We maintain that the textural evidence against a pseudomorphic replacement of crocidolite by quartz, and that for a crack-seal deformation mechanism, is so strong that interpretations of South African paleosurfaces on the basis of massive silicification of crocidolite should be reconsidered. Certainly, the petrologic relations diagrammed in Figure 1 of the comment are overly schematic. Our field observations of tiger's-eye near Griquatown, South Africa, do not support the model of a simple oxidation boundary between tiger's-eye and hawk's-eye. As mentioned in our original paper, intergrowths of blue hawk's-eye and brown tiger's-eye are complex, and lateral interfingering of hawk'seye and tiger's-eye are commonly observed within single, flat-lying veins. These observations suggest that oxidizing fluids infiltrated the veins of hawk's-eye along fronts that are spatially variegated.

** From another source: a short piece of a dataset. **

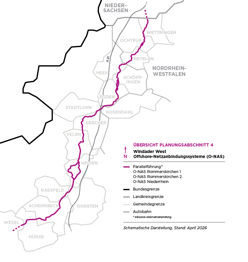 Ende April sind wir mit der Windader West wieder vor Ort – diesmal im Planungsabschnitt 4 in Nordrhein-Westfalen. Der Abschnitt reicht von der Landesgrenze Niedersachsen/NRW bis nach Wesel. Bei unseren Infoterminen stellen wir Ihnen erstmals unsere erste Trassenplanung für diesen Bereich vor. Außerdem informieren wir über die anstehenden Baugrunduntersuchungen und wie die weiteren Schritte im Planungsprozess aussehen. Kommen Sie gerne vorbei und nutzen Sie die Gelegenheit, Ihre Fragen und Anregungen direkt mit uns zu besprechen. Die genauen Termine und Veranstaltungsorte finden Sie im weiteren Verlauf dieses Newsletters sowie auf unserer Projektwebseite. Die Bürgerinfomärkte haben keinen Vortragsteil, Sie können also jederzeit kommen und gehen. Die Kolleg*innen stehen Ihnen an verschiedenen Themeninseln für Informationen und Fragen zur Verfügung. Montag, 27.04.2026 27.04.2026, 10-12 Uhr, Heek Werkhalle Maakwi Campus Gleisweg 12, 48619 Heek 27.04.2026, 14-16 Uhr, Ochtrup Foyer der Stadthalle Ochtrup Gronauer Str. 1, 48607 Ochtrup 27.04.2026, 17-19 Uhr, Metelen Bürgerhaus Metelen Sendplatz 14a, 48629 Metelen Dienstag, 28.04.2026 28.04.2026, 10-12 Uhr, Legden Event-Location Dorf Münsterland Haidkamp 1, 48739 Legden 28.04.2026, 14-16 Uhr, Gescher Hotel Tenbrock Hauskampstraße 12-14, 48712 Gescher 28.04.2026, 17-19 Uhr, Velen Burgsaal Burgplatz 4, 46342 Velen-Ramsdorf Mittwoch, 29.04.2026 29.04.2026, 10-12 Uhr, Heiden Forum im Haus der Begegnung Velener Str. 29, 46359 Heiden 29.04.2026, 14-16 Uhr, Hünxe Schützenhaus des Schützenverein Drevenack e.V. Buschweg 8, 46569 Hünxe-Drevenack 29.04.2026, 17-19 Uhr, Schermbeck Ramirez Gastronomie Maassenstraße 84, 46514 Schermbeck Donnerstag, 30.04.2026 30.04.2026, 10-12 Uhr, Raesfeld HUB Erle Silvesterstraße 2, 46348 Raesfeld |

The gradation reported by Gutzmer et al. of tiger's-eye to hawk'seye to crocidolite within a single vein is undoubtedly intriguing. Nevertheless, as our model proposes that all of these textures formed by crack-seal deformation, the existence of laterally contiguous hawk'seye and crocidolite does not invalidate our interpretation. Rather, it demonstrates that the geochemistry of the fluids responsible for hydrofracturing and subsequent mineralization is extremely sensitive to, and in some cases controlled by, local mineralogical environments.